Frequently Asked Questions
Why did OpenAI shut down Sora so quickly?
OpenAI shut down Sora six months after launch because user numbers had collapsed from around one million to fewer than 500,000, while the app was costing approximately $1 million per day to run. With compute resources under pressure and competitors such as Anthropic winning enterprise customers, CEO Sam Altman chose to redirect resources to higher-return products.
What does the UK government's position on AI and copyright mean for businesses?
The UK government has stepped back from plans to introduce a broad copyright opt-out for AI training data. This means AI companies cannot assume they can freely train on UK content by default. For businesses building AI systems that use third-party data, this increases the importance of reviewing licensing arrangements and data provenance. The situation remains in flux as the government gathers further evidence before any legislative changes.

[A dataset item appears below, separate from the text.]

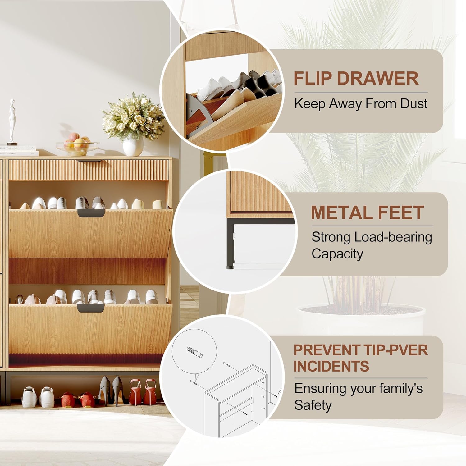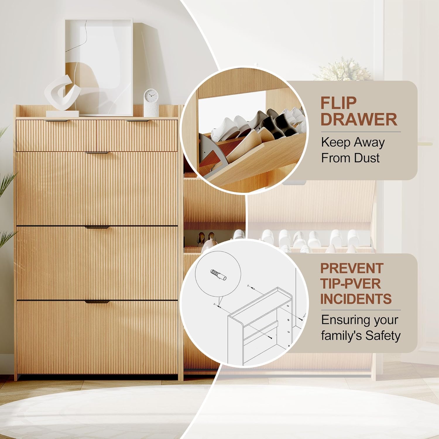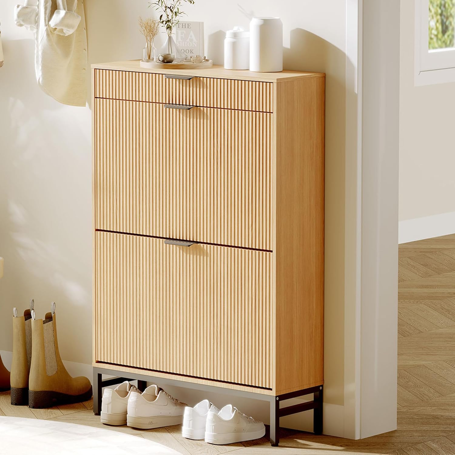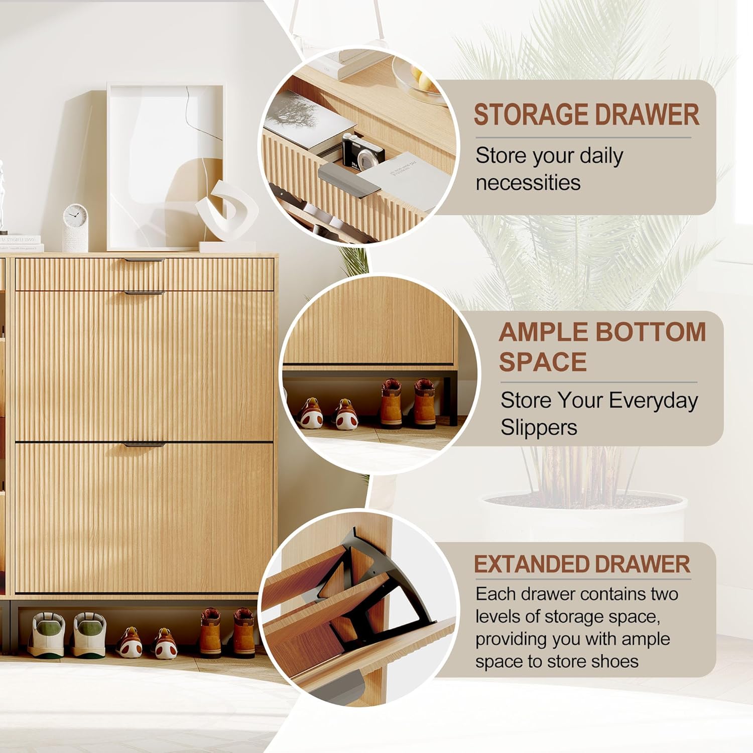 GarveeHome Wave Design Shoe Cabinet with 2 Flip Drawers, a Drawer, Fluted Shoe Cabinet Modern Narrow Shoe Storage, Wooden Shoe Organizer with Large Capacity, Hidden Shoe Racks for Entryway, Wood

How should UK SMEs approach AI adoption in 2026?
Start now, start small, and focus on specific productivity bottlenecks rather than broad transformation projects. Identify two or three repetitive, time-consuming processes in your business and pilot AI tools against those. Measure the time saved, then expand. Waiting for AI tools to mature further means falling behind competitors who are already building proficiency and efficiency gains.